The hard part is eviction policy design. Naive LRU produces TTFT spikes when a hot tenant's cache is evicted by a cold one. KGA uses weighted LRU with per-tenant priority scores, or hard partitioning with fixed per-tenant allocations, depending on the use case.
Sorted Batching
Sorted batching groups requests with similar input or remaining output lengths together. Naive continuous batching with a mix of long and short requests incurs padding and padding mask inefficiency; sorted batching mitigates this. In 2026, this is typically implemented in the upper-layer router or scheduler rather than in the serving framework itself.
Separating short-response endpoints (classification, reranking, short summarization) from long-response endpoints (report generation, long-form code generation) and applying sorted batching within each is the simplest approach — and measurably achieves 20–35% improvement in effective throughput.
SLO Impact Summary
- TTFT: Dominated by chunked prefill and prefix caching / RadixAttention. With both in place, p50 TTFT is typically around 100ms; p99 stays under 500ms.
- ITL: Continuous batching and chunked prefill both contribute. Without chunked prefill, p99 ITL easily exceeds 200ms.
- Throughput: Maximized by the combination of PagedAttention for memory efficiency, continuous batching for slot utilization, and RadixAttention for reducing wasted prefill.
- p99 tail: Protected by sorted batching and admission control. A queuing admission policy for low-priority requests is necessary during QPS spikes.
Prompt Cache Strategy
Four axes for designing prompt caching in a production stack:
System prompt sharing: Pre-warm common system prompts at startup and keep them resident. For RadixAttention, the standard practice is issuing warmup requests in the startup script to populate the KV tree.
Tenant partitioning: In a multi-tenant SaaS context, mixing tenant A and B context raises security and compliance concerns. RadixAttention provides no cryptographic isolation, so in regulated domains (finance, healthcare), the correct design separates tenants at the process or GPU group level, limiting the shared layer to non-sensitive system prompts only.
TTL and eviction: For long-session chat agents, caching intermediate multi-turn KV in a temporary cache and evicting it N minutes after the conversation pauses works well. KGA clients commonly set TTLs of 15–30 minutes to balance memory pressure against re-prefill cost.
Cross-request deduplication: Agent workloads frequently pass the same tool responses to multiple LLM calls. Fingerprinting those tool responses and loading them into the KV tree only once reduces TTFT by 30% or more.

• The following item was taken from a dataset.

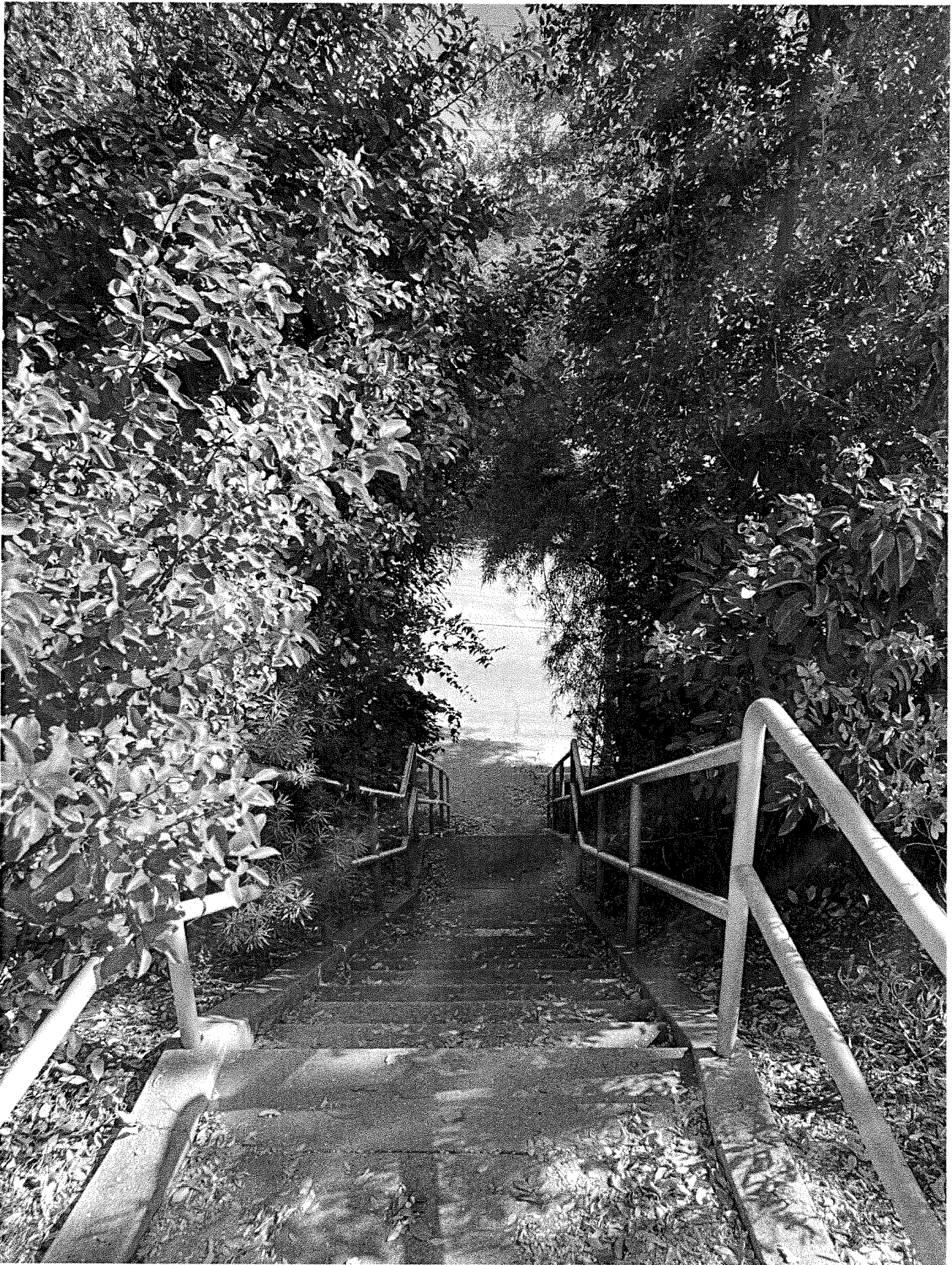
5 second timelapse video of the full walkway.

Configuration Example: vLLM + Chunked Prefill + Prefix Caching
```python llm = LLM( model="Qwen/Qwen3-72B-Instruct", tensor_parallel_size=8, kv_cache_dtype="fp8", enable_prefix_caching=True, enable_chunked_prefill=True, max_num_batched_tokens=8192, max_num_seqs=256, gpu_memory_utilization=0.92, block_size=16, preemption_mode="recompute", ) ```
Setting `max_num_seqs` too high causes frequent swap due to memory pressure. In practice, back-calculate from peak QPS and p99 output length: `QPS_peak × p99_output_length / expected_decode_rate` is roughly the upper bound in KGA's experience.
Conclusion
Batching strategy in 2026 is not a matter of choosing one of five techniques. The correct answer is to enable all of them and tune the parameters to your SLO. To protect TTFT: chunked prefill and RadixAttention. To protect ITL: chunked prefill and sorted batching. To maximize throughput: continuous batching and PagedAttention. To protect tenant isolation: hard partitioning and tenant-aware eviction. Designing around these four axes, an 8× H200 SXM system running a 70B model can realistically target aggregate 2,500 tok/s and p99 TTFT under 400ms.